— TRY IT —
In the entries below, find the line with "separation and presentation." and the line with "料理に集中するハビ吉の横で「"; reproduce those two lines and all lines between them exactly, without pictures.

── MATERIAL SUPPLIED

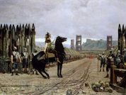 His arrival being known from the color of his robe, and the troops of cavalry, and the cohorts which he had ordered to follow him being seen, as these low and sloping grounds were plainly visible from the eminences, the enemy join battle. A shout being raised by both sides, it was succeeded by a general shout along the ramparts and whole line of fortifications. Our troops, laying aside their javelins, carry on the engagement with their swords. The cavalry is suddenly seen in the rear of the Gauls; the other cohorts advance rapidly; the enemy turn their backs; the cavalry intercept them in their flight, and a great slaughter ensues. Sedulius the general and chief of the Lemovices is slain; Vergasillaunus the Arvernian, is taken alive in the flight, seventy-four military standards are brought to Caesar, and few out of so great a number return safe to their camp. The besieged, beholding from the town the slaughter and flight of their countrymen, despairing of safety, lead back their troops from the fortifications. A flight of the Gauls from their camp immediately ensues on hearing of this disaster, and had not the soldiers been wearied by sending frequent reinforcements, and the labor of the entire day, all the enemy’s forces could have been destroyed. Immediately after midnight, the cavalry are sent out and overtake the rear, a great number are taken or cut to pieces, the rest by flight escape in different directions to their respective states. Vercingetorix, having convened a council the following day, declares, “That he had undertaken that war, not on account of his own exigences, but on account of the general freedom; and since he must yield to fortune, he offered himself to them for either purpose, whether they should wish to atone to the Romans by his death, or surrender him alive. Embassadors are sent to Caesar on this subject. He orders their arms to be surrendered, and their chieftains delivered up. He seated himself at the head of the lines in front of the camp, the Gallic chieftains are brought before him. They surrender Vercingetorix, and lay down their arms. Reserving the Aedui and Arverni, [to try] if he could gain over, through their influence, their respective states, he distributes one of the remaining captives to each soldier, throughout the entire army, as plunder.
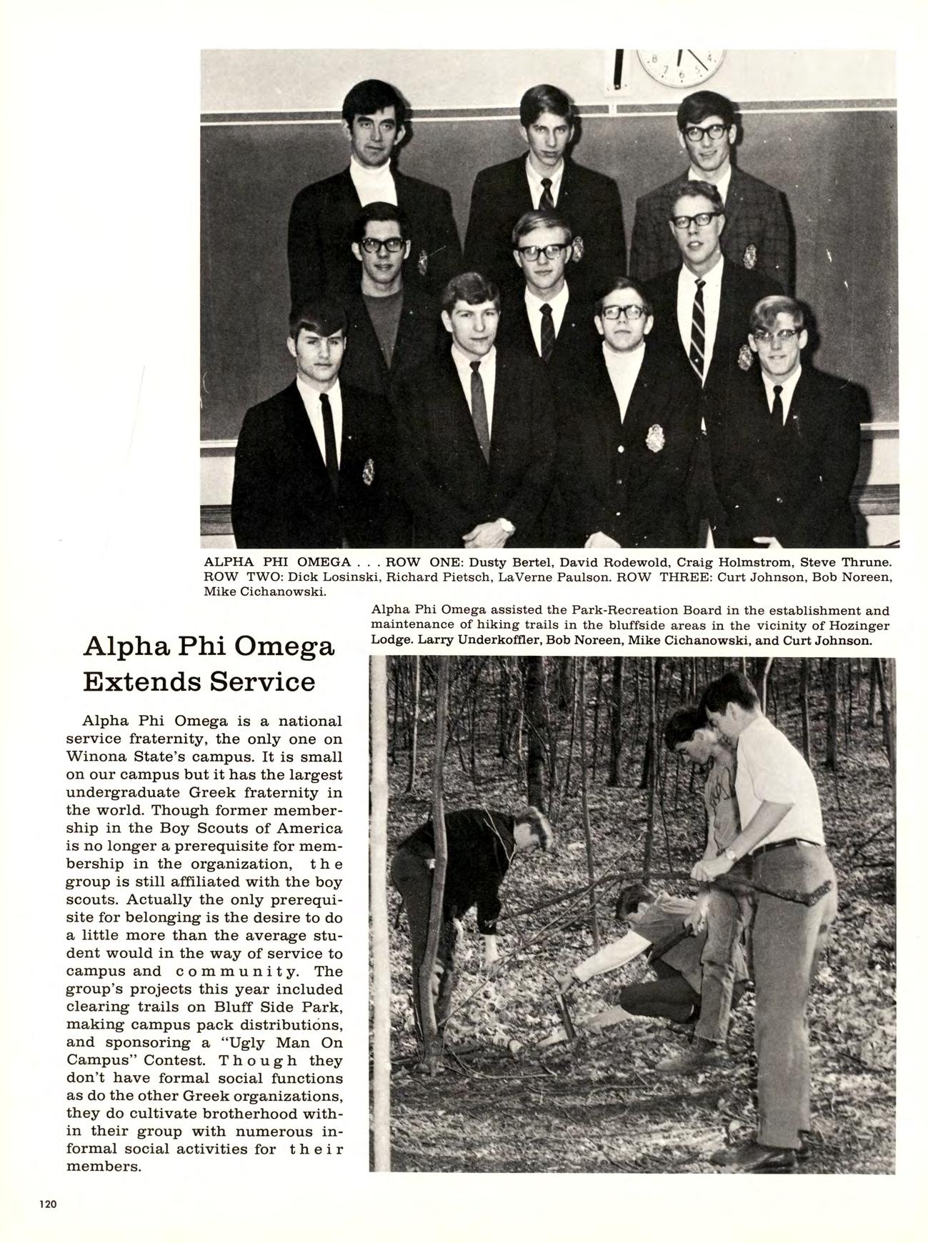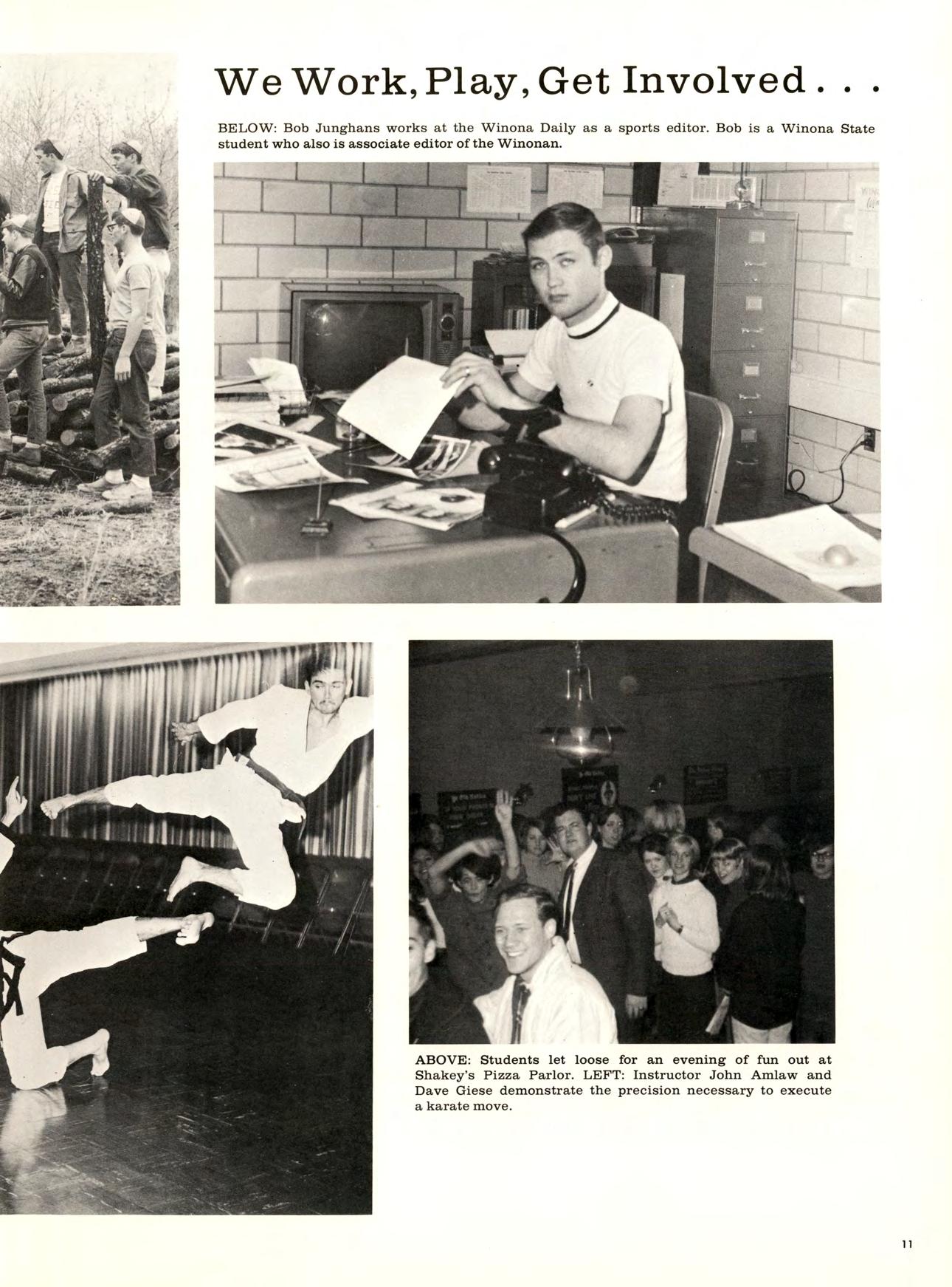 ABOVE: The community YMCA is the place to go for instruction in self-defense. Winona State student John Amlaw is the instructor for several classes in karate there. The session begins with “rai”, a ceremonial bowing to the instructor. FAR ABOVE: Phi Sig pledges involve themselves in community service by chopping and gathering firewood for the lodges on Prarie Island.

────
── MATERIAL SUPPLIED

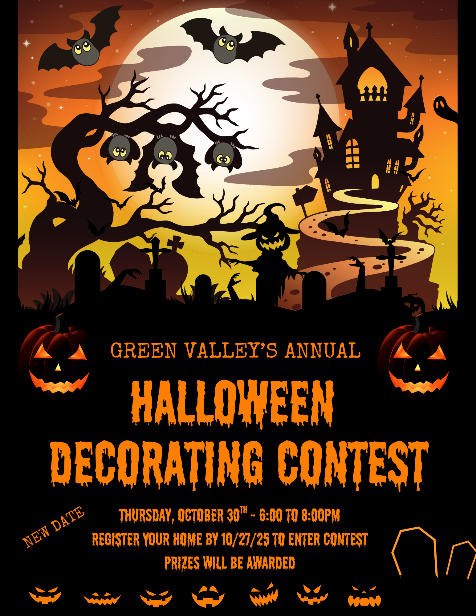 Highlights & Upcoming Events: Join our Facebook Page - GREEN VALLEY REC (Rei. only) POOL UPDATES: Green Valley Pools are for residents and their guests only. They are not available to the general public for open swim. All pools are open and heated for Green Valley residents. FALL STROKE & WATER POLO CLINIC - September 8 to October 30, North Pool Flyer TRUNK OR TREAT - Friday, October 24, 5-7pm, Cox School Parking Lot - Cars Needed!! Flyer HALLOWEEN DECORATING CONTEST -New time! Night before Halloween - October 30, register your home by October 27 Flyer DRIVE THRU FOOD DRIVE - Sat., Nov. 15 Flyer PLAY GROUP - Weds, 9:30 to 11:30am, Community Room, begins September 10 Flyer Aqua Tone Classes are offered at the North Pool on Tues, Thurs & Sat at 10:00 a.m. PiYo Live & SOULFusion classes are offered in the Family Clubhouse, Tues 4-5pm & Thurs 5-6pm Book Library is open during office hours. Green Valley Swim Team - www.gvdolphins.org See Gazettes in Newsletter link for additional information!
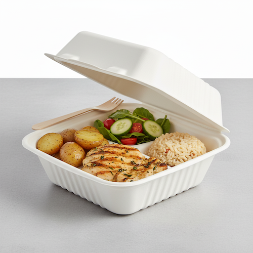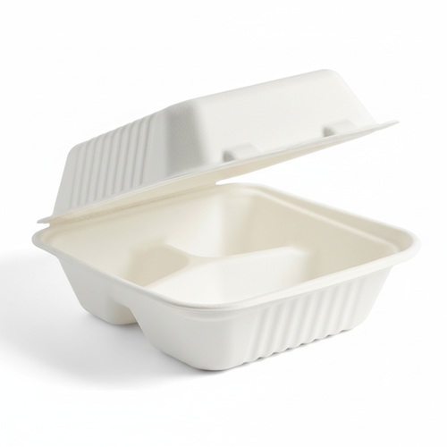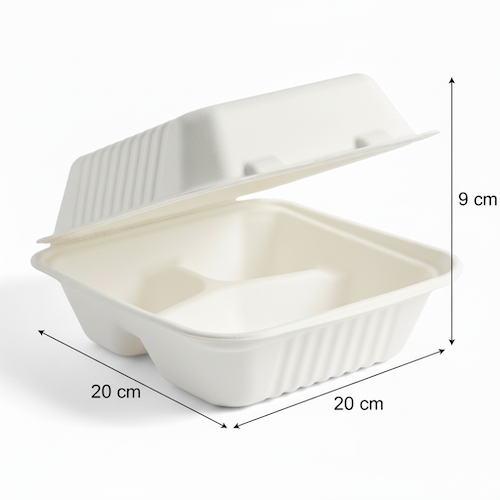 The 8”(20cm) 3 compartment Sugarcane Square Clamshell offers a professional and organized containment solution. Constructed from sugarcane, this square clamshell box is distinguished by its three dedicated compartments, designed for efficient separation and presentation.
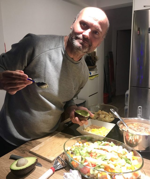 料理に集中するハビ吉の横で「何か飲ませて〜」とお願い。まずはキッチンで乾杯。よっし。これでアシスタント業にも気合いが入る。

────

— REPLY TO THE EXERCISE —
 The 8”(20cm) 3 compartment Sugarcane Square Clamshell offers a professional and organized containment solution. Constructed from sugarcane, this square clamshell box is distinguished by its three dedicated compartments, designed for efficient separation and presentation.
 料理に集中するハビ吉の横で「何か飲ませて〜」とお願い。まずはキッチンで乾杯。よっし。これでアシスタント業にも気合いが入る。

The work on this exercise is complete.